In a separate legal matter, the Company entered into a transaction with Continental Investment Corporation ("CIC") in September 1997 in which, among other things, the Company received 300,000 shares of common stock of CIC in consideration for the issuance to CIC by the Company of 4.5 million shares of common stock, 5 million shares of preferred stock which are convertible into 25 million shares of common stock and a warrant under which CIC has the right to acquire 100 million shares of common stock of the Company in return for 1 million shares of common stock of CIC. At the time of the transaction, CIC's common stock was selling for $23.50 per share. Since the transaction, the market price of CIC's common stock has dropped to under $2 per share. In addition, at least two lawsuits have been filed against CIC which allege that CIC violated Section 10(b) of the Securities Exchange Act of 1933 by illegally inflating the market price of its common stock at the time of the transaction with the Company through the dissemination of false and misleading information to the public through its SEC filings, press releases and statements to investors. The Company is currently investigating the allegations made against CIC. The Company believes that those allegations, if true, would enable the Company to rescind the transaction with CIC and cancel the shares and warrant. The securities acquired by CIC in the transaction have features which make them very dilutive for other shareholders and new investors, which has proven to be an impediment to raising capital on attractive terms. Furthermore, the consideration received by the Company from CIC, being 300,000 shares of its common stock, has depreciated in value substantially. Therefore, the Company believes that rescission of the transaction with CIC will result in substantial benefits to existing shareholders of the Company.
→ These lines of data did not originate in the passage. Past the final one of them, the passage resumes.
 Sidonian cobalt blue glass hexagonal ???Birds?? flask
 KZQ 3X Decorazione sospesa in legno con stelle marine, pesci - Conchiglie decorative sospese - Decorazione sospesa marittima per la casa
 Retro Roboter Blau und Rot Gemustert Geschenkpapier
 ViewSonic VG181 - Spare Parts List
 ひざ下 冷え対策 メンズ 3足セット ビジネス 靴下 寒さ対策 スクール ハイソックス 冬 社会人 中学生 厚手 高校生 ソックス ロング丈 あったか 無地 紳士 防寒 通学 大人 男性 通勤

Pending the Company's investigation and any legal action which the Company may decide to take, the Company intends to oppose any transfer of the common or preferred stock issued to CIC or the exercise of the warrant issued to CIC.
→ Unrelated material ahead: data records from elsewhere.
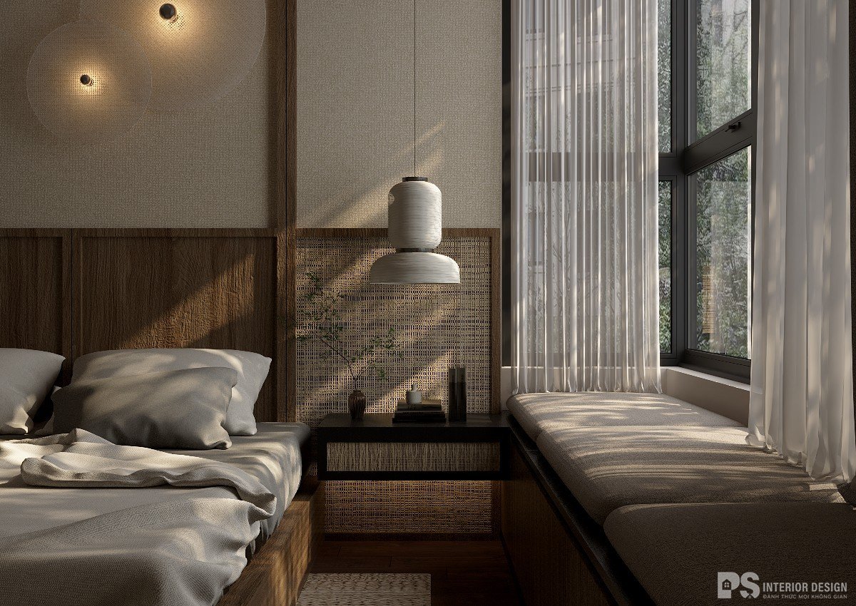 Phòng ngủ có lối thiết kế tối giản cùng với các chất liệu tự nhiên tạo cảm giác gần gũi và thân thiệt với môi trường giúp cho gia chủ cảm giác nhẹ nhàng và bình yên khi về căn phòng ngủ của mình.
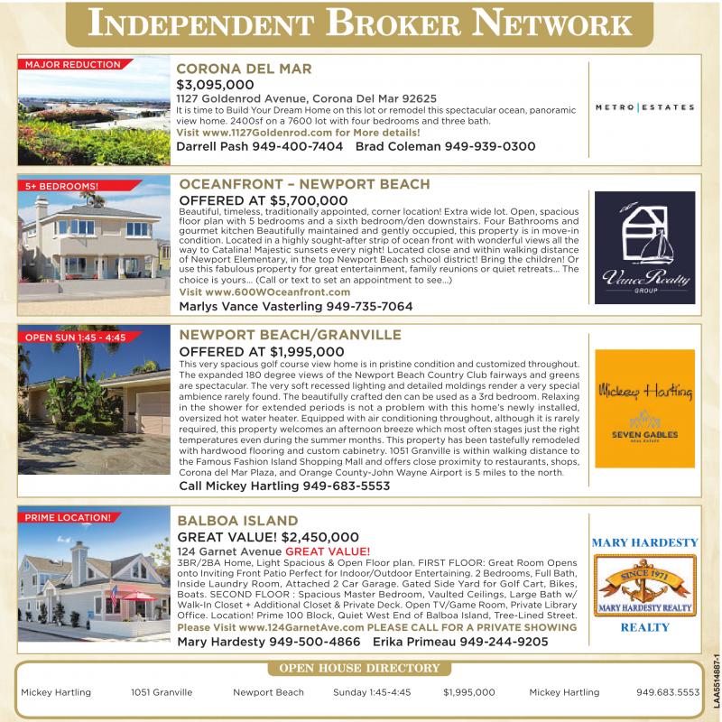 Mickey Hartling 1051 Granville Newport Beach Sunday 1:45-4:45 $1,995,000 Mickey Hartling 949.683.5553
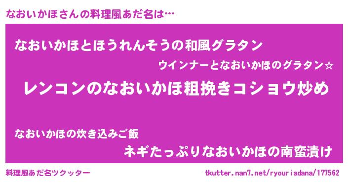 | 意味不明あだ名 | 『自称なおいかほ』『ペロリンなおいかほ』 |
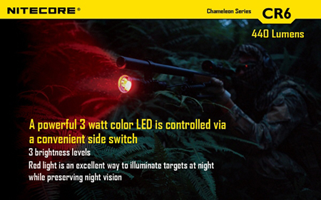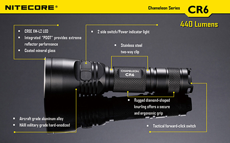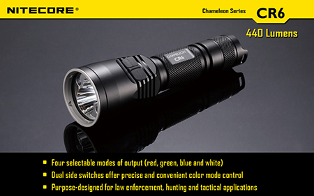NITECORE CR6 ナイトコア【白色 : CREE X-G2 + 赤色 : CREE XP-E + 砲弾型LEDマルチカラー(赤/青/緑)×2灯搭載 / 明るさMAX440ルーメン / CR123×2本 or 18650×1本使用】
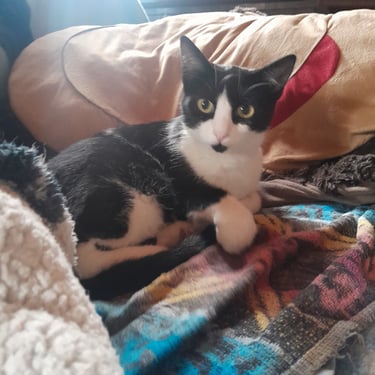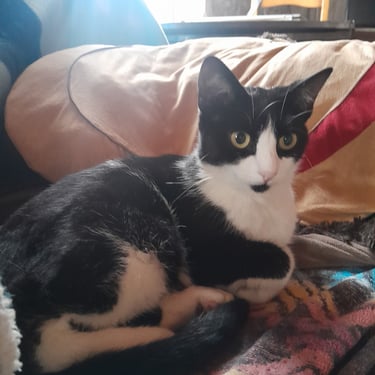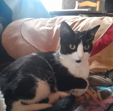Son humain décédé, Aglaé s'est retrouvée seule et à la rue. Identifiée et stérilisée par l'association, elle a été récupérée avec ses petits Alpha et Allegro. Maman formidable, très douce, pas sauvage mais juste timide. Aglaé aime beaucoup les caresses.
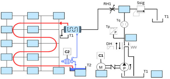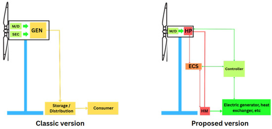 Following the initial testing phase of the system, the results confirmed the anticipated outcome: the hydraulic oil effectively facilitated the conversion of mechanical energy, supplied by the electric motor, into thermal energy. This conversion process validated the fundamental thermodynamic principles underpinning the system’s design. Subsequent research efforts will focus on the integration of realistic wind speed profiles and corresponding power outputs, emulating the dynamic behavior of the motor shaft under variable operational conditions. Furthermore, the thermal energy generated will be transferred to secondary systems, such as underfloor heating installations or other non-critical energy consumers, which could benefit from this method of energy repurposing. The objective is to enhance the overall efficiency and utility of the system by capturing otherwise wasted mechanical energy and redirecting it toward sustainable and practical applications. A schematic of a possible setup of such a system is shown in Figure 15. Further work will also be undertaken to improve or simulate certain scenarios regarding the type of turbine used, relying on work performed by other scientists [34]. In addition, research is currently being conducted to allow for thermal storage for mid-to-long term use of the energy generated. Furthermore, the system might stand to benefit from using proportional throttle valves, allowing for wind speed compensation for more complex scenarios.

Safe Harbor Statement under the Private Securities Litigation Reform Act of 1995: The statements contained in this news release which are not historical facts may be "forward-looking statements" that involve risks and uncertainties which could cause actual results to differ materially from those currently anticipated. For example, statements that describe WasteMasters' hopes, plans, objectives, goals, intentions, or expectations are forward- looking statements made herein and only made as of the date of this news release. Numerous factors, many of which are beyond WasteMasters' control, will affect actual results. WasteMasters undertakes no obligation to publicly update such forward-looking statements to reflect subsequent events or circumstances. This news release should be read in conjunction with WasteMasters' annual report on Form 10KSB and other filings with the U.S. Securities and Exchange Commission.